Yoma Strategic Holdings: Hit by one-time charges

Summary: Yoma Strategic Holdings (Yoma) reported a negative 2Q13 PATMI of -S$4.2m, mostly due to a S$5.4m one-time non-cash share-based payment to the CEO, partially offset by increased sales of residences and land development rights. Accounting for one-time non-operating expenses, net operating profit would have been S$1.8m - up 33% YoY - which we judge to be mostly in line with expectations. 2Q13 revenue was S$11.6m, increasing 59% YoY mainly due to stronger sales at Pun Hlaing Golf Estate and Star City. Management reports that, since Star City's acquisition, 249 units out of a total of 528 units in building 3 & 4 have been sold as of 30 Sep 2012. We would speak with management further regarding these results and, in the meantime, maintain HOLDwith an unchanged fair value estimate of S$0.51. (Eli Lee)

For more information on the above, visit www.ocbcresearch.comfor the detailed report.


NEWS HEADLINES

- Technology stocks led the fall in the US market on Friday.
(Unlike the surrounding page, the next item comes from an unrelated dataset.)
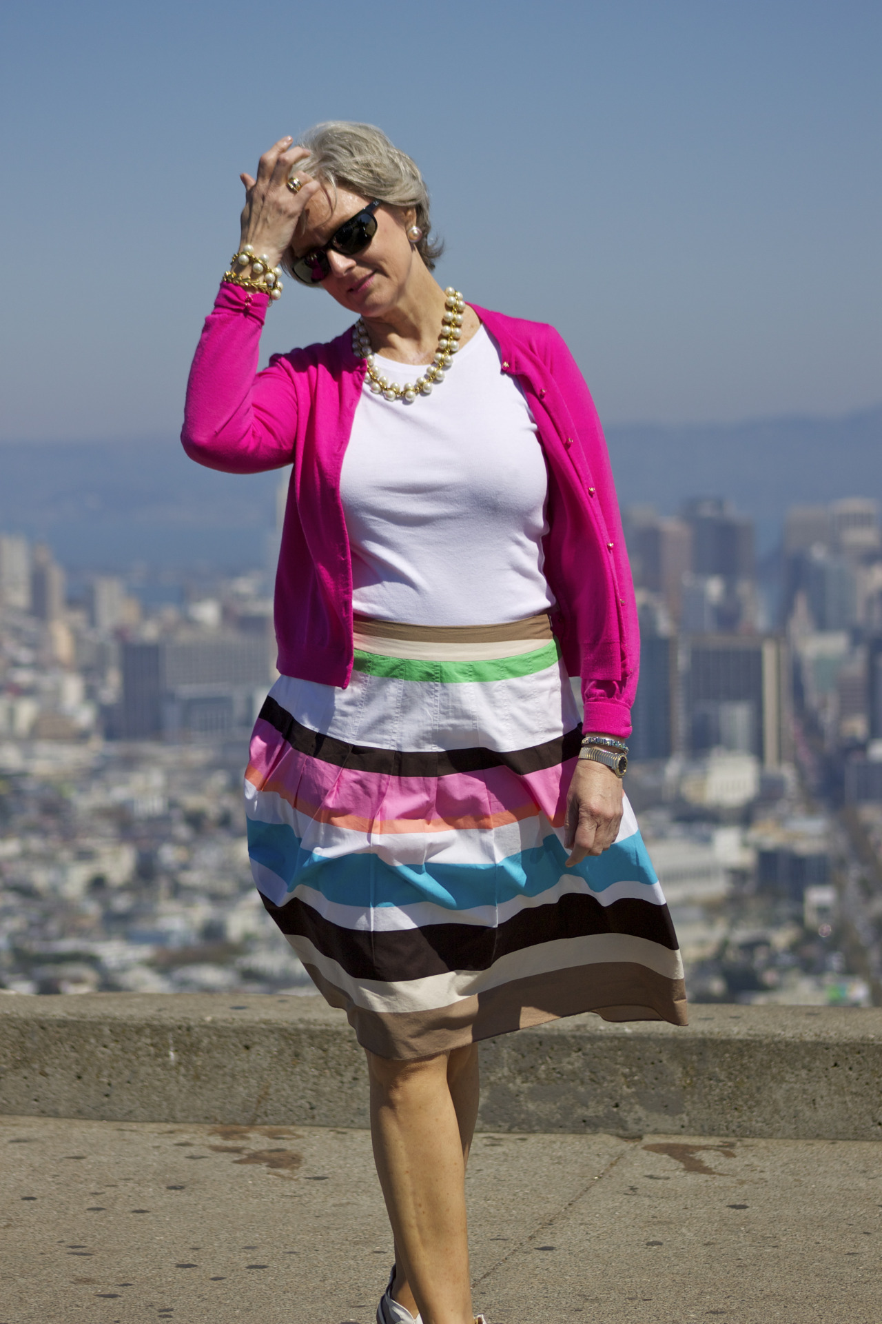 skirt by Talbots; tee by Old Navy; sweater by JCrew; shoes by Enzo Angiolini; necklace by JCrew; sunglasses by Ray-Ban

The Dow fell 1.5%, the S&P 500 Index declined 1.7%, and the Nasdaq dropped 2.2%. Microsoft, Google, IBM and Intel all posted poor quarterly results earlier in the week.

- UPP Holdings, in collaboration with Myan Shwe Pyi Tractors Limited, has signed a memorandum of understanding with the Department of Electric Power of Myanmar, for the establishment of the 50 megawatt class new gas generating power plant project in Yangon.


- Hi-P International expects lower revenue and profit for FY2012 as compared with FY2011.

- Berger International posted 1H13 PATMI of S$1.636m, up 93% YoY. Revenue climbed 6% YoY to S$59.3m.